#### Activity
From the line that contains "Da, știu. Noi" to the final line below, both included, print each line exactly and skip the pictures.

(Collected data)
■ ■ ■
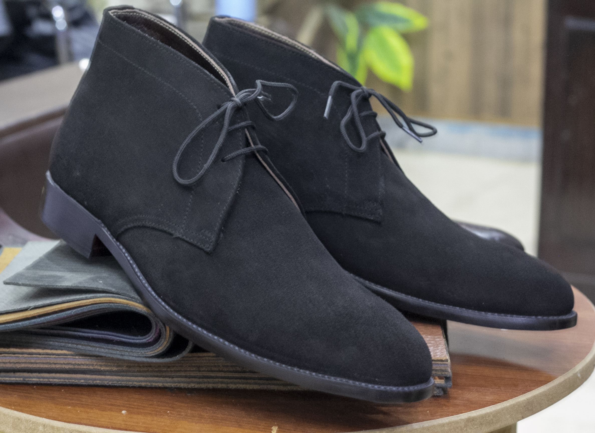 Black Chukka Suede Half Ankle Boot, Handmade Men's Boot
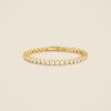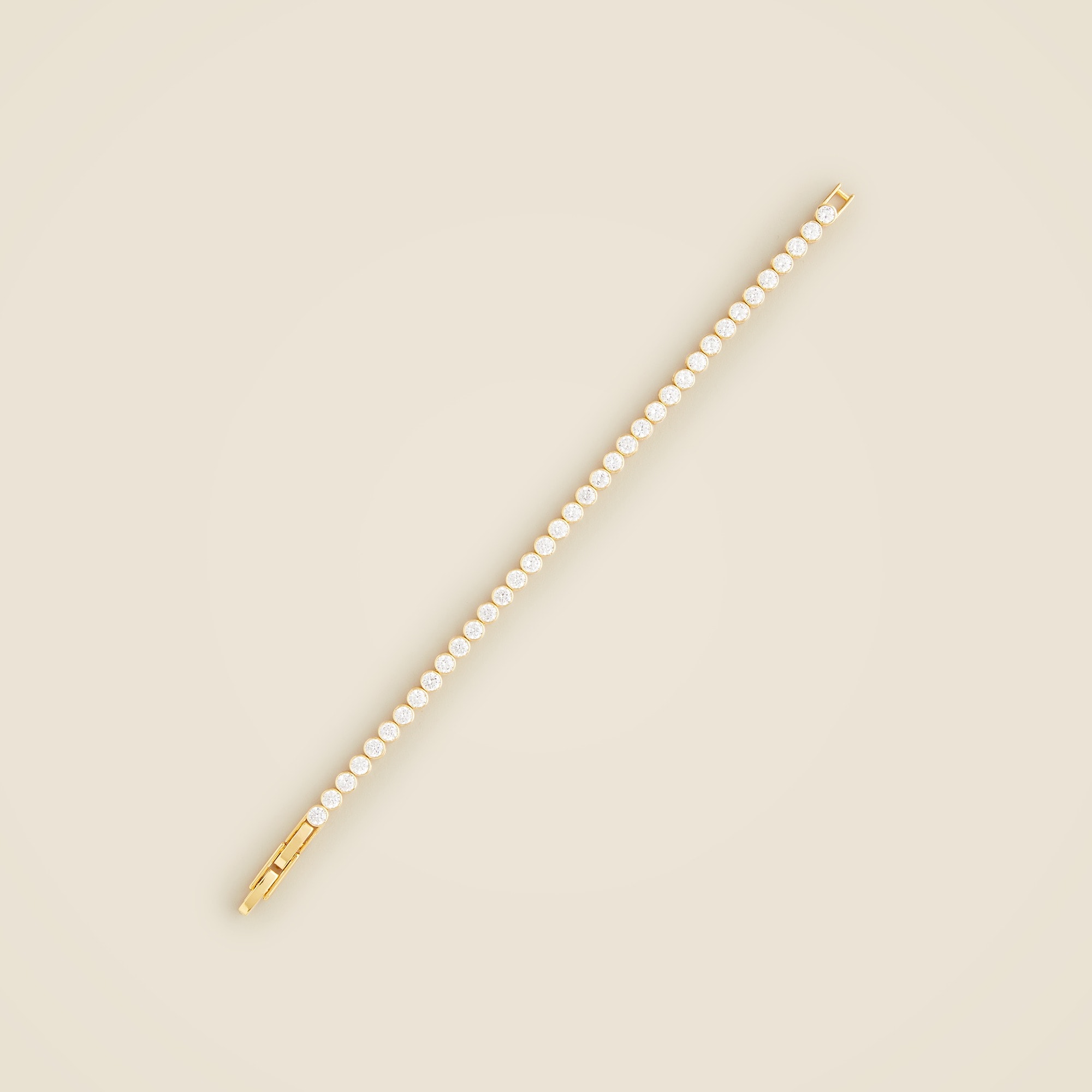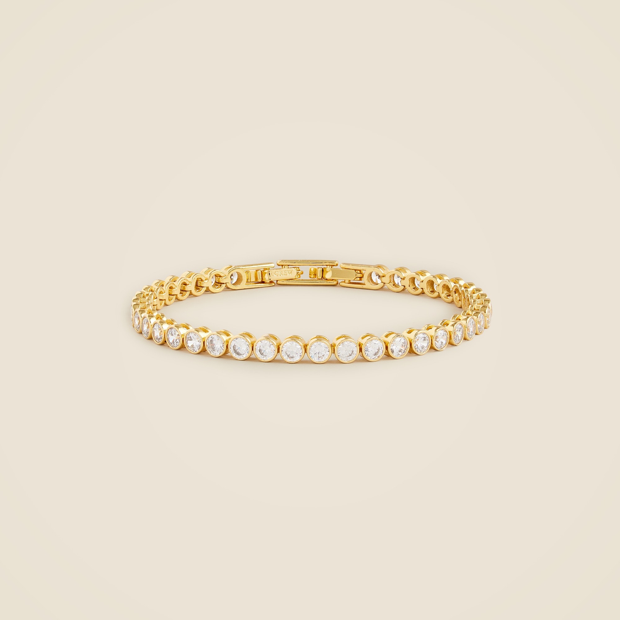 For a subtle hint of shine. . .just add this elegant, bezel-set cubic zirconia bracelet to any outfit. Plus, we added a special double clasp so you can adjust the length. Feel-good fact: This style was made using eco-friendly recycled-brass casting. Want to keep your jewelry looking like new? We recommend removing it before showering or exercise and putting it on after applying hair products or perfume. To clean your pieces, polish them with a soft, dry clothu0026mdash;and when not wearing, store them in a pouch or jewelry case.
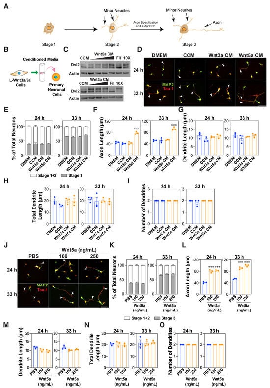 Wnt5a promotes axon outgrowth. (A) Stages of neuronal polarity. (B) A schematic of the experimental setup. Dissociated E15.5–16.5 mouse cortical neurons were treated with conditioned media (CM) isolated from control L cells and L cells stably expressing Wnt3a or Wnt5a. (C) Wnt3a- and Wnt5a-CM promote Dvl2 phosphorylation. MDA-MB-231 cells were treated with control-conditioned media (CCM), different dilutions of Wnt3a- or Wnt5a-CM, 10X concentrated (10X) CM, or the filtrate (Fil) for 4 h. Lysates were immunoblotted for Dvl2 and actin. (D–O) Cortical neurons were treated with Wnt-CM (D–I) or commercially available recombinant Wnt5a (100 and 250 ng/mL) (J–O), 4 h after plating. Neurons were fixed at 24 and 33 h, and the neuronal morphology was examined in neurons immunostained for MAP2 (dendrites, green) and Tau-1 (axons, red). Representative images are shown. Arrowheads mark the axon. Scale bar, 50 μm (D,J). (E–I,K–O) The average percentage of neurons in stages 1–3 (E, K), the length of the Tau-1-positive axon (F,L), the MAP2-positive individual dendrite lengths (G,M), the total dendrite lengths (H,N), and the total number of dendrites (I,O) were quantified. Values are plotted either as mean ± SEM (E,K) or an average of the median ± SEM from three independent experiments (F–I,L–O). In neuronal quantifications, each dot represents the median from at least 13 (for 24 h in panel F,L) or 30 (for all others) neurons from one of the three independent experiments. In panels F and L, for the 24 h group, the median was determined from a minimum of 13 neurons per experiment due to a greater percentage of neurons lacking a Tau-1-positive axon. Statistical significance: *** p < 0.001 using a one-way ANOVA with Dunnett’s post-test (F–I,L–O), or a two-way ANOVA with Tukey’s post-test (E,K).
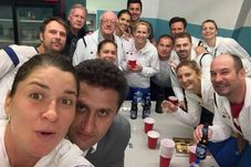 Da, știu. Noi am venit cu o cursă normală. Ne-au mai felicitat câțiva pasageri. Am mers cu un Boeing 747, dar am stat în cocoașa avionului, la etaj, unde e mai ferit, mai liniștit, mai puțină lume. Dar nu am făcut nimic în avion. Am sărbătorit după meciuri, am făcut hora pe teren, după meciul de dublu ne-au dat canadienii șampanie – ne-am adunat toți – am pus niște melodii frumoase – „Ș-altă dată o s-o facem și mai lată” și melodia lui Nicolae Furdui Iancu – „Noi suntem români„. Eu am fost DJ, aveam o boxă, I-pad-ul, am sărit puțin, am băut niște șampanie, apoi am plecat la hotel, pentru că a doua zi aveam de făcut niște bagaje uriașe! – pentru că eram plecate de mult!
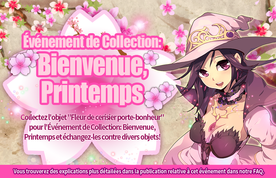 Vous recevrez des items "Fleur de cerisier porte-bonheur" lorsque vous terminez des donjons ou d’autres tâches chaque jour. Vous pouvez ensuite échanger ces items "Fleur de cerisier porte-bonheur" contre d'autres objets du Trésor.
■ ■ ■
#### Response
 Da, știu. Noi am venit cu o cursă normală. Ne-au mai felicitat câțiva pasageri. Am mers cu un Boeing 747, dar am stat în cocoașa avionului, la etaj, unde e mai ferit, mai liniștit, mai puțină lume. Dar nu am făcut nimic în avion. Am sărbătorit după meciuri, am făcut hora pe teren, după meciul de dublu ne-au dat canadienii șampanie – ne-am adunat toți – am pus niște melodii frumoase – „Ș-altă dată o s-o facem și mai lată” și melodia lui Nicolae Furdui Iancu – „Noi suntem români„. Eu am fost DJ, aveam o boxă, I-pad-ul, am sărit puțin, am băut niște șampanie, apoi am plecat la hotel, pentru că a doua zi aveam de făcut niște bagaje uriașe! – pentru că eram plecate de mult!
 Vous recevrez des items "Fleur de cerisier porte-bonheur" lorsque vous terminez des donjons ou d’autres tâches chaque jour. Vous pouvez ensuite échanger ces items "Fleur de cerisier porte-bonheur" contre d'autres objets du Trésor.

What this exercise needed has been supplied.